Data excerpts:
☆ ☆ ☆ ☆ ☆

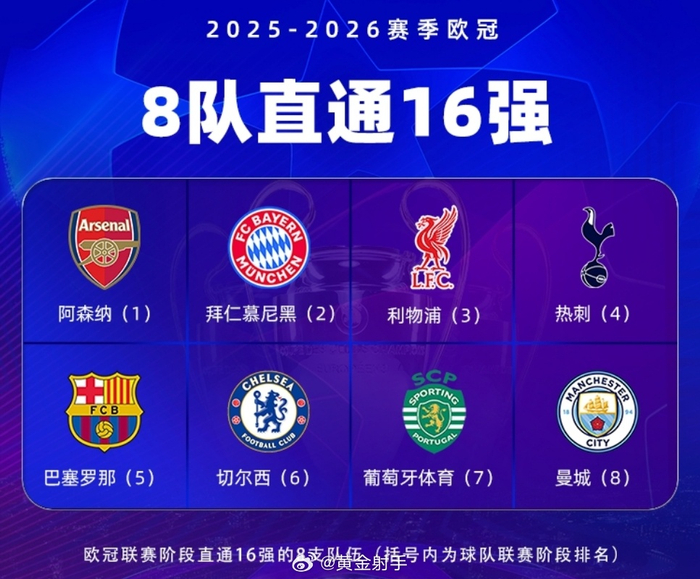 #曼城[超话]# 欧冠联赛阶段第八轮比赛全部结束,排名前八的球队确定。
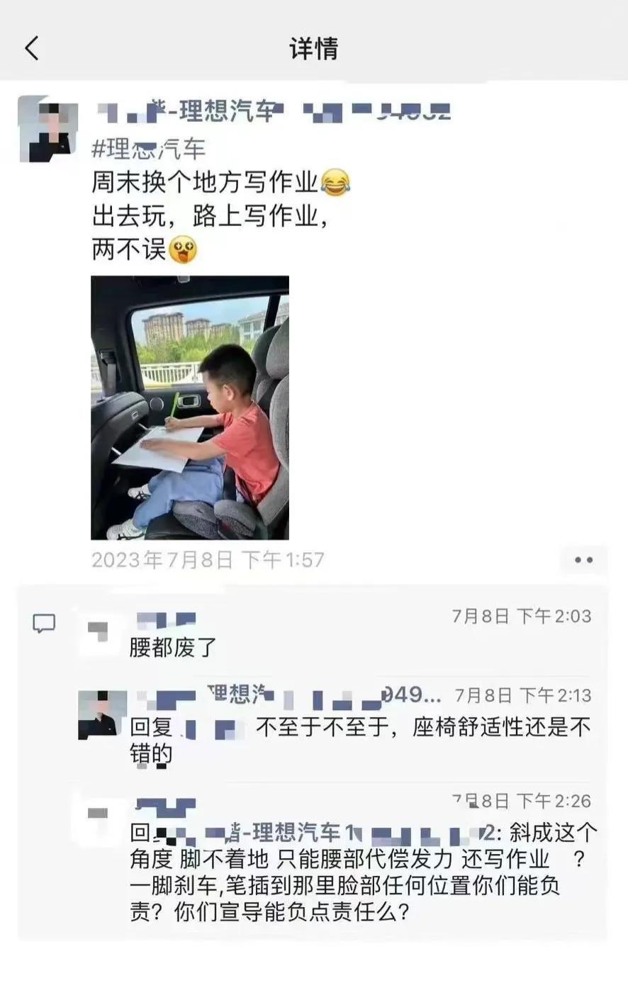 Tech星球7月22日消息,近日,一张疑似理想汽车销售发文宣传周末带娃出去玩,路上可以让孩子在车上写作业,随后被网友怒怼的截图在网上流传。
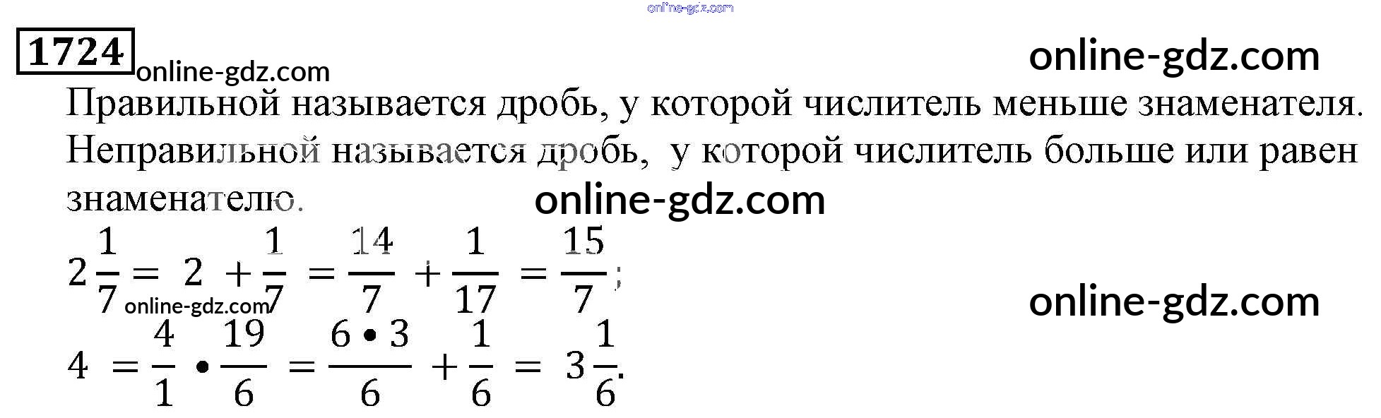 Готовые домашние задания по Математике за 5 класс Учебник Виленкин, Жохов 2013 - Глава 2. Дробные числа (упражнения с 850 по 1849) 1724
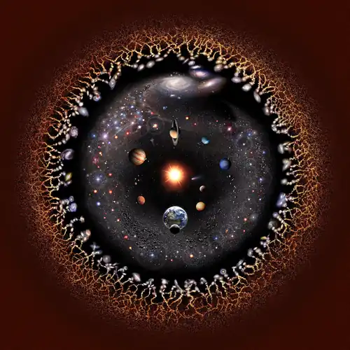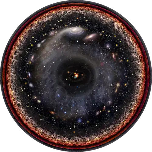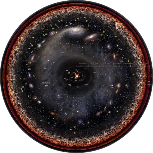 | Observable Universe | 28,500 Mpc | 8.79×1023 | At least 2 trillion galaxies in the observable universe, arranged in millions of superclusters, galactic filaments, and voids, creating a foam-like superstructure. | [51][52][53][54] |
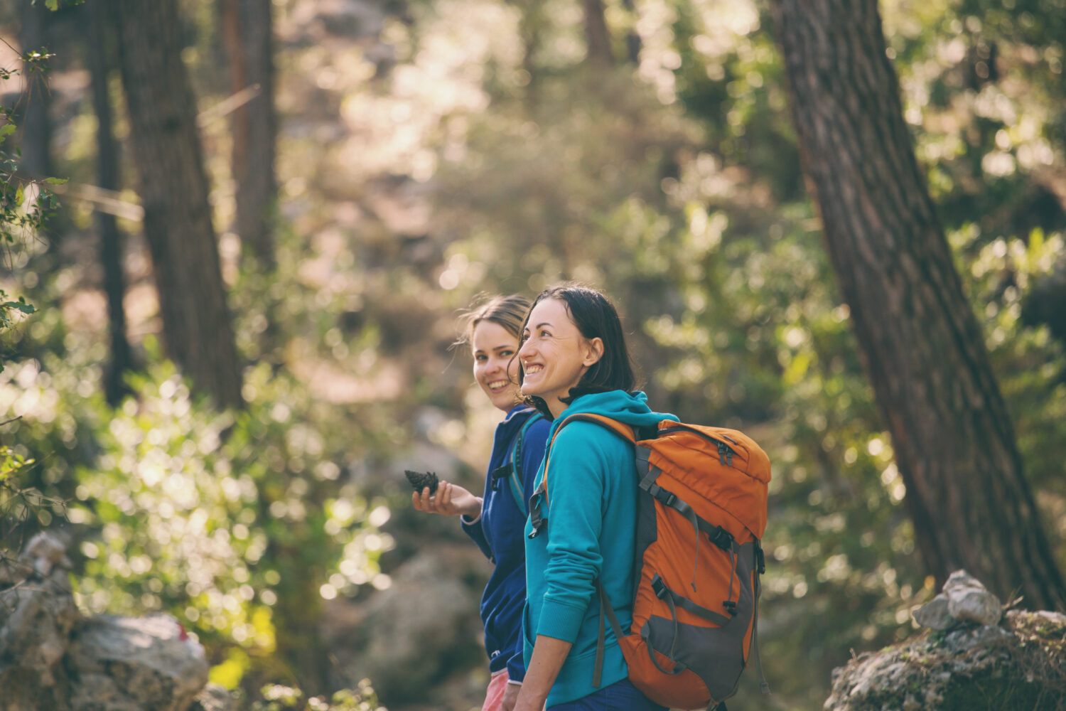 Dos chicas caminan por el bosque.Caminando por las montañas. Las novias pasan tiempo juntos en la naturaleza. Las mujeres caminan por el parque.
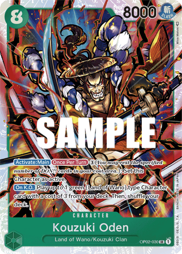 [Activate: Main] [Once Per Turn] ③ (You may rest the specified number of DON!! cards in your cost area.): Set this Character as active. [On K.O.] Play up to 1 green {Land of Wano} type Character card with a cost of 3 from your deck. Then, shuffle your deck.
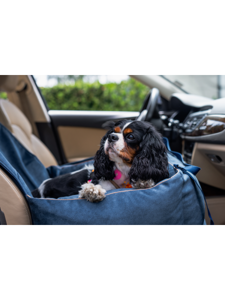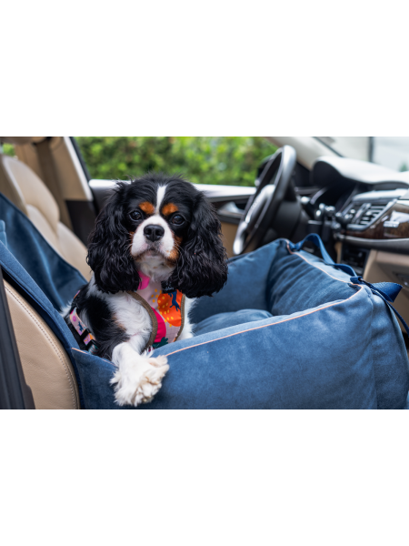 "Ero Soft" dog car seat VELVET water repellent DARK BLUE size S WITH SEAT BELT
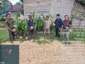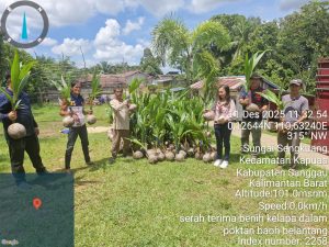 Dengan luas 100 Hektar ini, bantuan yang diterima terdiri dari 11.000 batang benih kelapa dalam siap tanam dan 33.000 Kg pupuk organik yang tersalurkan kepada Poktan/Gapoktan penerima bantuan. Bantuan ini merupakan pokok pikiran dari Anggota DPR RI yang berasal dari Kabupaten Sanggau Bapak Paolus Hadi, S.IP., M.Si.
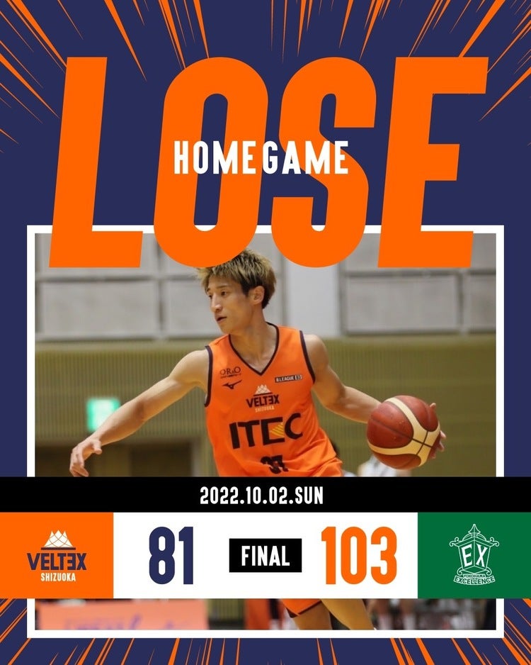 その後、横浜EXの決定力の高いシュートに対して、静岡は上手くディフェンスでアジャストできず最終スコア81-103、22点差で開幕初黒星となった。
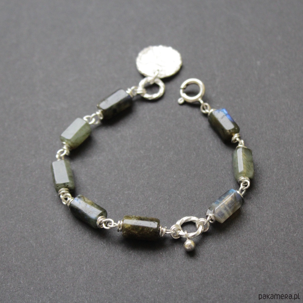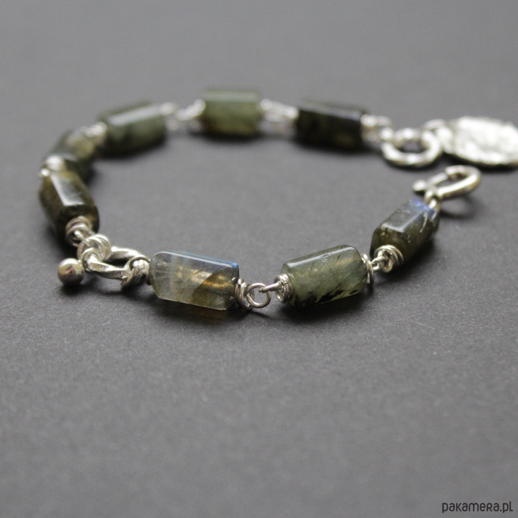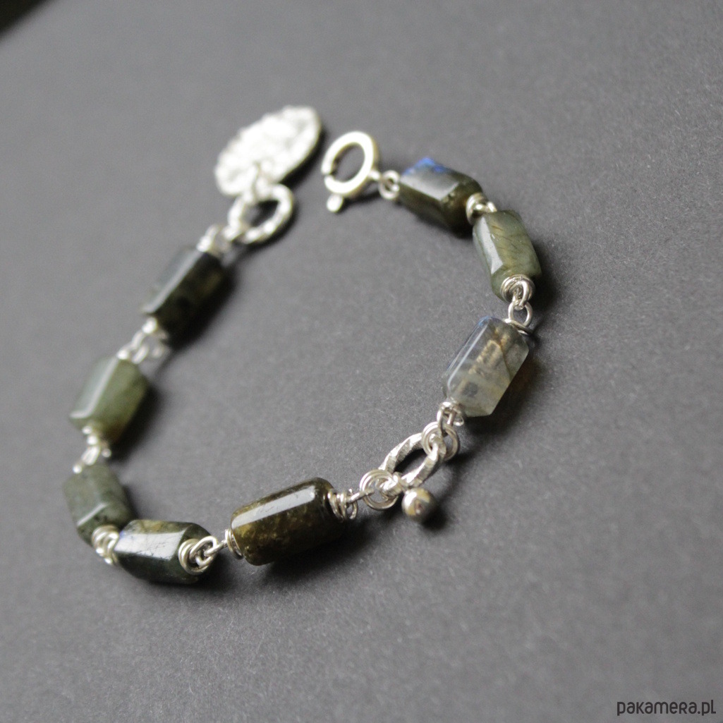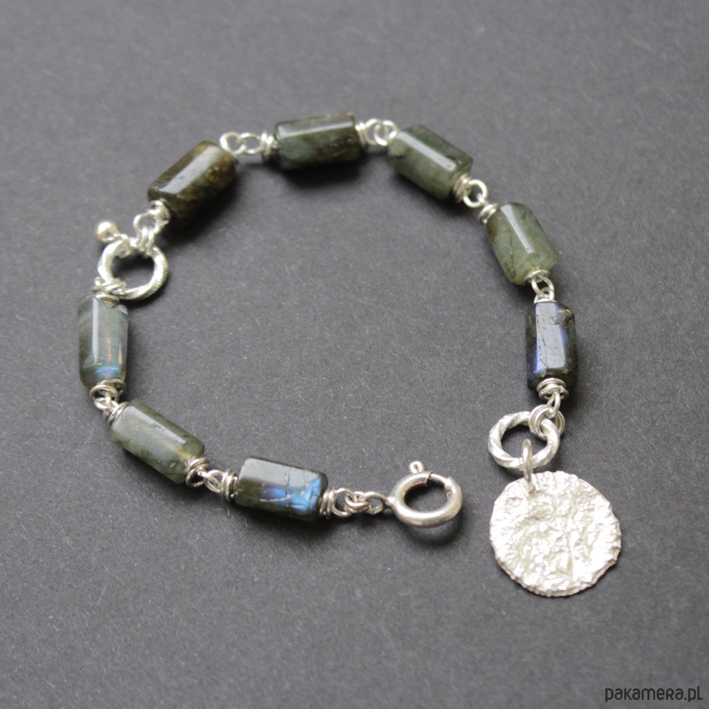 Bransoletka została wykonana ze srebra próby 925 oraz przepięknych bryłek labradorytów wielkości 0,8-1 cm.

☆ ☆ ☆ ☆ ☆

Exercise directions: Skip the pictures, then retype every line above exactly.

Reply to the task:
 #曼城[超话]# 欧冠联赛阶段第八轮比赛全部结束,排名前八的球队确定。
 Tech星球7月22日消息,近日,一张疑似理想汽车销售发文宣传周末带娃出去玩,路上可以让孩子在车上写作业,随后被网友怒怼的截图在网上流传。
 Готовые домашние задания по Математике за 5 класс Учебник Виленкин, Жохов 2013 - Глава 2. Дробные числа (упражнения с 850 по 1849) 1724
 | Observable Universe | 28,500 Mpc | 8.79×1023 | At least 2 trillion galaxies in the observable universe, arranged in millions of superclusters, galactic filaments, and voids, creating a foam-like superstructure. | [51][52][53][54] |
 Dos chicas caminan por el bosque.Caminando por las montañas. Las novias pasan tiempo juntos en la naturaleza. Las mujeres caminan por el parque.
 [Activate: Main] [Once Per Turn] ③ (You may rest the specified number of DON!! cards in your cost area.): Set this Character as active. [On K.O.] Play up to 1 green {Land of Wano} type Character card with a cost of 3 from your deck. Then, shuffle your deck.
 "Ero Soft" dog car seat VELVET water repellent DARK BLUE size S WITH SEAT BELT
 Dengan luas 100 Hektar ini, bantuan yang diterima terdiri dari 11.000 batang benih kelapa dalam siap tanam dan 33.000 Kg pupuk organik yang tersalurkan kepada Poktan/Gapoktan penerima bantuan. Bantuan ini merupakan pokok pikiran dari Anggota DPR RI yang berasal dari Kabupaten Sanggau Bapak Paolus Hadi, S.IP., M.Si.
 その後、横浜EXの決定力の高いシュートに対して、静岡は上手くディフェンスでアジャストできず最終スコア81-103、22点差で開幕初黒星となった。
 Bransoletka została wykonana ze srebra próby 925 oraz przepięknych bryłek labradorytów wielkości 0,8-1 cm.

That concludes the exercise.